I am a Professor in the Machine Learning Department (in the School of Computer Science) and the Heinz College of Information Systems and Public Policy at Carnegie Mellon University. I work on developing and using Machine Learning, AI, and Data Science methods for solving high impact social good and public policy problems in a fair and equitable way across criminal justice, education, healthcare, energy, transportation, economic development, workforce development and public safety. My work includes collaborative projects with government agencies and NGOs, research in areas including explainablity, bias/fairness/equity, and developing and teaching educational and training programs.

I also started (at University of Chicago) and run the Data Science for Social Good Summer Fellowship (now at CMU).

Areas of Interest and Experience: Machine Learning/Data Science/Artificial Intelligence, Public Policy, Social Good, Ethics, Fairness, Social Justice and Equity

Recently (and reluctantly) added buzzwords: Big Data, Data Science, Artificial Intelligence
Older buzzwords that are trendy now: Machine Learning
Not so old buzzwords that are not trendy now: Data Mining, Analytics

What I used to do:

  • Founder/Director of the Center for Data Science and Public Policy, Research Associate Professor in the Department of Computer Science, and a Senior Fellow at the Harris School of Public Policy at the University of Chicago.
  • Chief Scientist at Obama for America 2012 campaign focusing on analytics, technology, and data.
  • Senior Research Scientist and Director of Analytics research at Accenture Labs where I led a technology research team focused on applied R&D in analytics, machine learning, and data mining for large-scale & emerging business problems in various industries including healthcare, retail & CPG, manufacturing, intelligence, and financial services.

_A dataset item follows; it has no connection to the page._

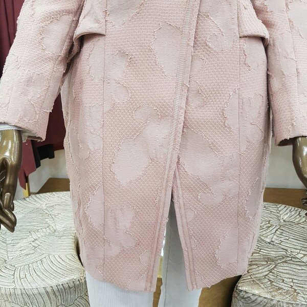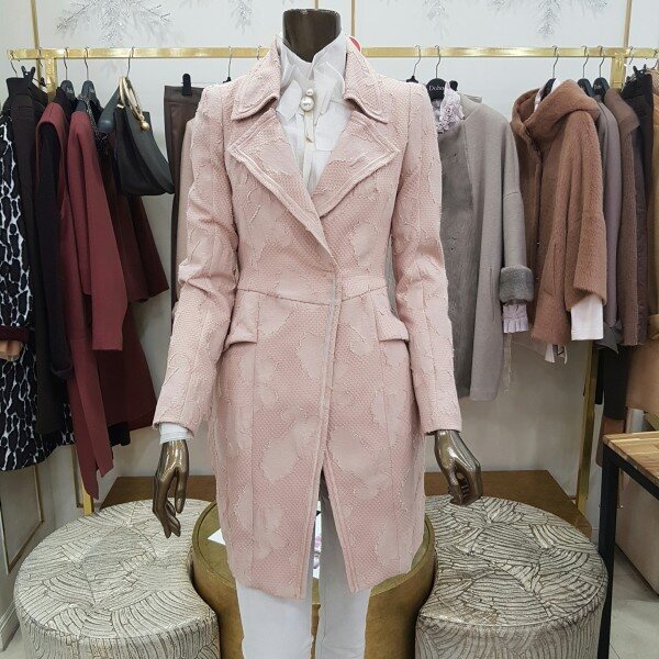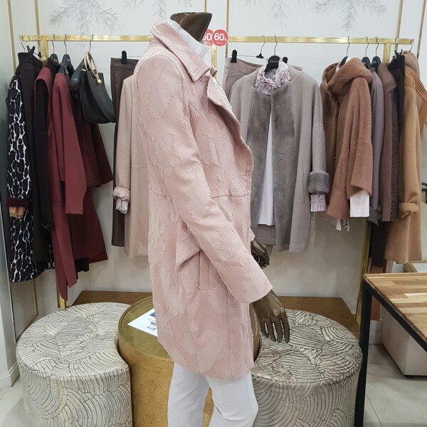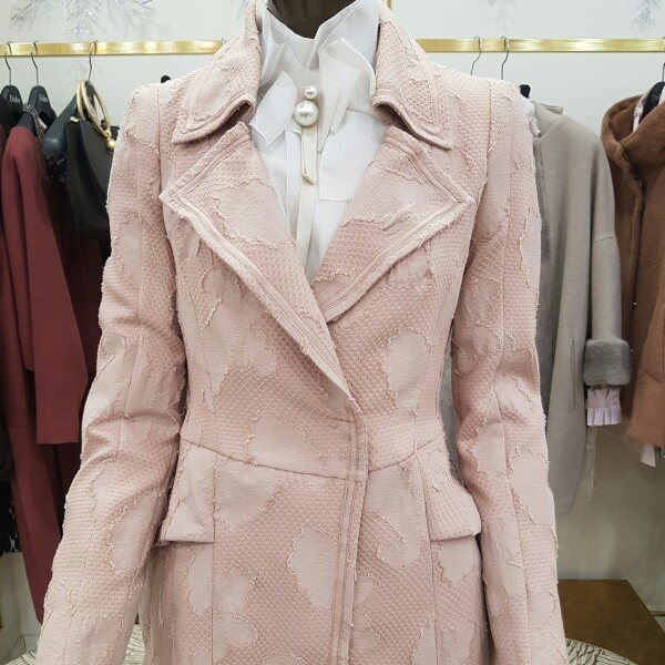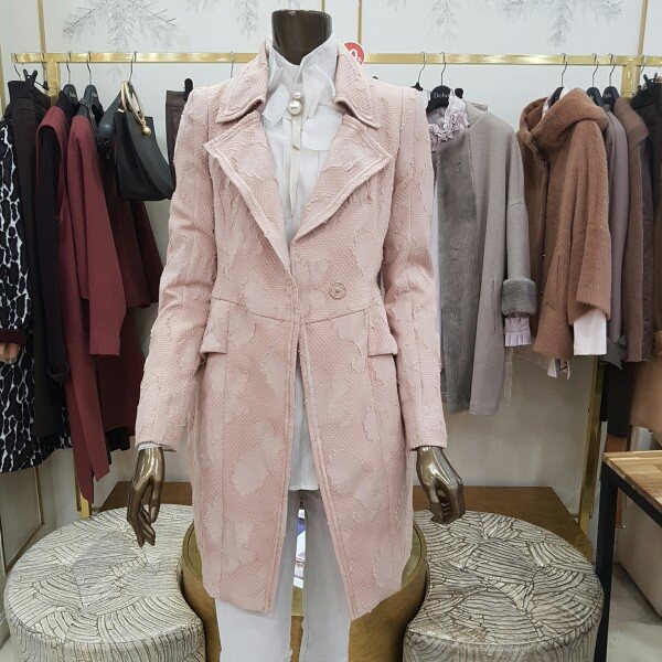 자카드 기법이 사용된 테일러드 자켓으로 실제 색상은 핑크빛이 살짝 도는 베이지 색상이니 참고해주시길 바랍니다(도호의 기본 하프자켓입니다)

In my ample free time, I advise several analytics start-ups and non-profits, speak at, organize and participate in academic and industry analytics conferences, and publish in Machine Learning, AI, Data Science, and Public Policy conferences and journals.

CV

Recent and Upcoming Events

Panel at TWIML on Explainability and Machine Learning – August 11th

KDD Hands-on tutorial on Dealing with Bias and Fairness in Building Data Science Systems – August 25th

KDD Social Impact Session – August 25

US GAO’s Comptroller General Forum on AI Oversight – September 9th and 10th

Recent Tweets

Research

 

My current research is focused on the question “How do we build AI-Human collaborative systems for social and policy problems that can be trusted to achieve fair and equitable policy outcomes?” and consists of three pillars:

1. Building Human-AI Collaborative Systems (for social and policy problems)

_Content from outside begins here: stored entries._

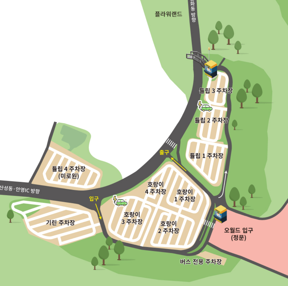| 장소 | 놀이기구, 동물원, 사파리, 플라워랜드 전체 | 플라워랜드 한정 |
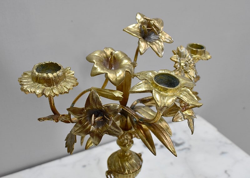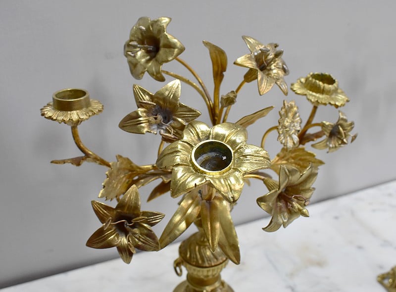 Les Lys, bougeoirs et feuilles en laiton ont été entièrement démontés et nettoyés.
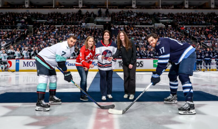 Maya Turner performed the ceremonial puck drop at the Winnipeg Jets’ game on Tuesday as part of the team’s women in sports celebration.
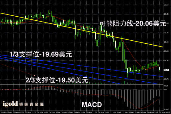 白银价格长线阴阳烛录得在跌破20美元支撑后,进入下一区间继续滑落,长线MACD显示空头集聚,RSI则录得24,已经进入超卖区域,未来白银价格可能在19.8美元附近窄幅震荡,并且有回升至20美元附近的趋势。
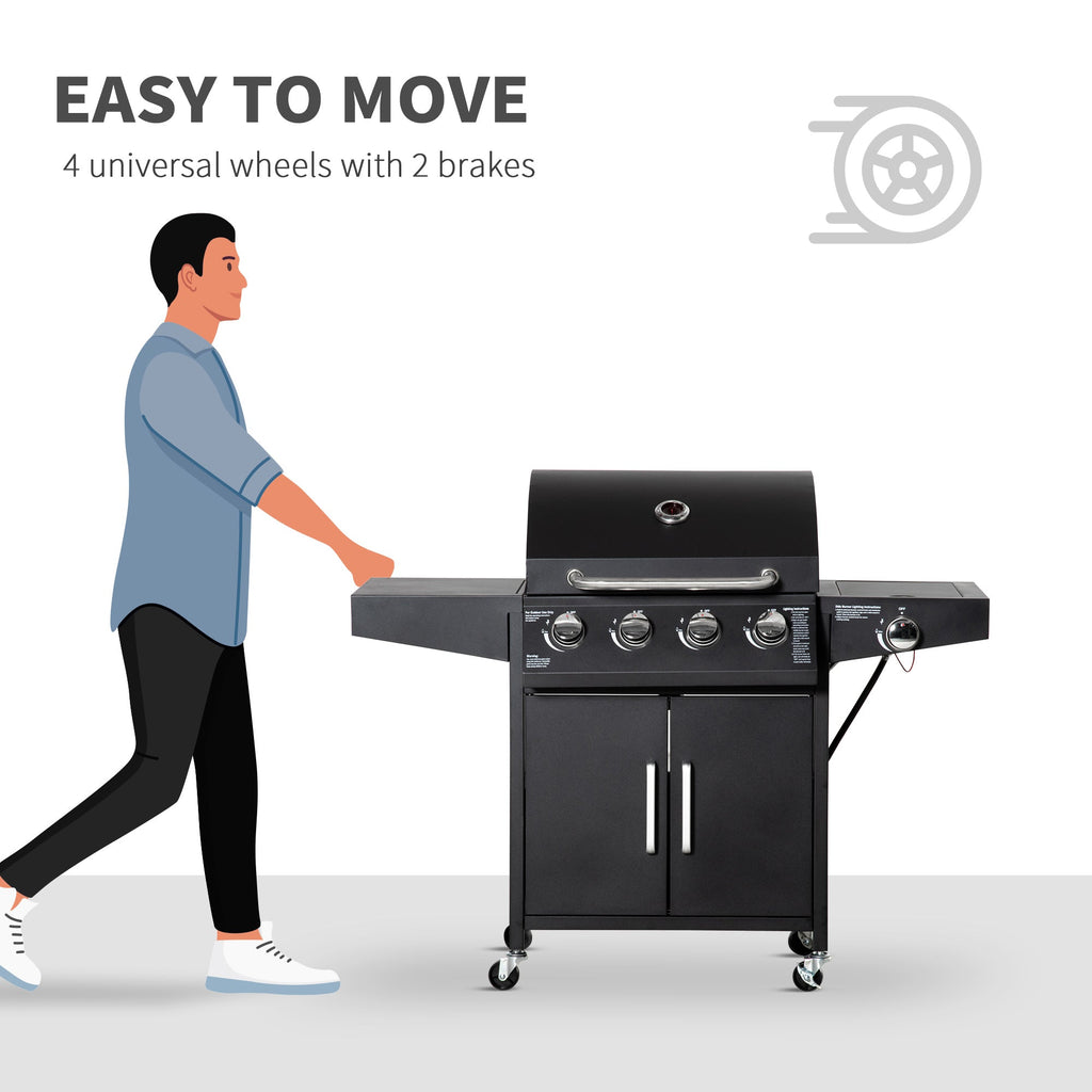 Fire up the ultimate backyard cookout with this powerful 4 + 1 Gas BBQ Grill, designed to handle everything from casual family dinners to lively weekend gatherings. Featuring four main burners and one side burner, this grill provides an impressive 380 square inches of cooking space along with a warming rack—perfect for preparing up to 15 burger patties or serving 5–10 hungry guests at once. Each burner is equipped with individual piezo ignition, allowing for precise heat control and flexibility while cooking. The large lid helps to trap heat for smoking, while the built-in thermometer on top makes it easy to monitor internal temperatures for perfect grilling results. A spacious side shelf offers room to hold plates, utensils, or seasonings for hassle-free meal prep. Built for durability, this grill boasts a sturdy carbon steel frame and stainless steel burners to withstand the elements and regular use. Four wheels—two with brakes—make it easy to roll the grill wherever you need it and lock it securely in place. Measuring 52.25" L x 21.75" W x 43" H, this freestanding gas BBQ includes a regulator and hose, so you're ready to grill right out of the box.
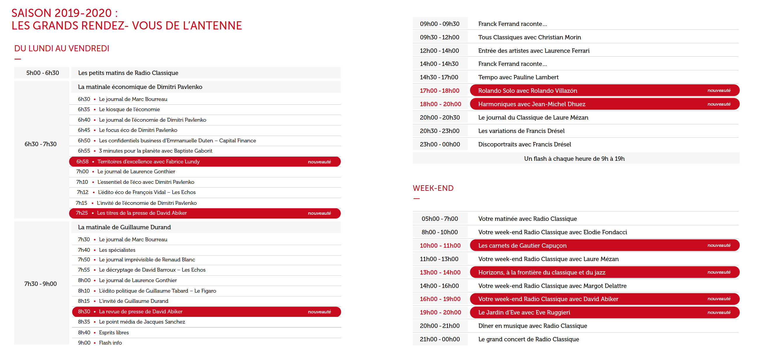 Les auditeurs retrouvent bien sûr les piliers historiques de la radio avec Franck Ferrand à 9h et 14h, Christian Morin (9h30 à 12h), Laurence Ferrari (de 12h à 14h), Pauline Lambert (de 14h30 à 17h), Jean Michel Dhuez (de 18h à 20h), Laure Mézan (de 20h à 20h30), Francis Drésel (de 20h30 à 00h) et Eve Ruggieri qui emmène désormais les auditeurs chaque samedi et dimanche à 19h dans son jardin : "Le jardin d’Eve" où elle les transporte dans l’intimité des illustres compositeurs et interprètes...
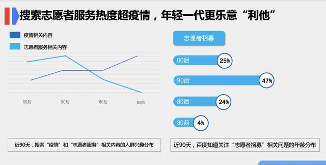 百度搜索大數據顯示,近90天,90後(hòu)對(duì)"志願者服務"的搜索熱度最高,00後(hòu)次之;同樣(yàng)的,從百度知道(dào)關注"志願者招募"相關問題的年齡分布來看,90後(hòu)占比47%,幾乎占據半壁江山,00後(hòu)占比25%,排名次席。年輕一代奉獻意識強烈。

How do we use HCI and design approaches to build these systems? How do we make AI systems interpretable and explainable to users to help them improve their decision-making? How do we elicit and incorporate human feedback?

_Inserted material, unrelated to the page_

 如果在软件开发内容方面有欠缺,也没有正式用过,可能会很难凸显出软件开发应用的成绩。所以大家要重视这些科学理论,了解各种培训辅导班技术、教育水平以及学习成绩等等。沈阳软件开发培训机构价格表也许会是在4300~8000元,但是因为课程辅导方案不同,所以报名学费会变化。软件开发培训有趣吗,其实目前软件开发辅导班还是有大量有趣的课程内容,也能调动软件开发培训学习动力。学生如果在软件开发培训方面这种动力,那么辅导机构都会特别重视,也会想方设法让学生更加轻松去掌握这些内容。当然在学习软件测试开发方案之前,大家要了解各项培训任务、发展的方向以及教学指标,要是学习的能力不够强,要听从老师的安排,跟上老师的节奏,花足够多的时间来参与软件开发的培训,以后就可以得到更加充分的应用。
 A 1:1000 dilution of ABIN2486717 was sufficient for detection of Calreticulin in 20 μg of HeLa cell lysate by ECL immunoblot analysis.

2. Ensuring that the social outcomes are fair and equitable.

How do we define equity? How do we measure and detect bias? How do we mitigate bias to create fair and equitable outcomes?

3. Ensuring that these systems are robust and resilient

How do we explicitly build these systems to match their use and deployment settings? What is the appropriate model selection and validation methodology to make them robust to changes over time? How do we make them resilient to gaming? How do we create transparency and trust for different stakeholders including those who will be impacted by the system?

 

This work is done through three types of activities:

  1. Collaborative Applied Projects: with governments and non profits to solve problems in policy and social good
  2. Training: students and professionals in governments and non profits in the use of data driven methods (Machine Learning, AI, Data Science) for policy and social good
  3. Research, Tools, and Methodology Development: to develop new methods and tools that are needed across policy areas with special emphasis on increasing fairness, reducing bias, making machine learning/AI algorithms and models more understandable and transparent.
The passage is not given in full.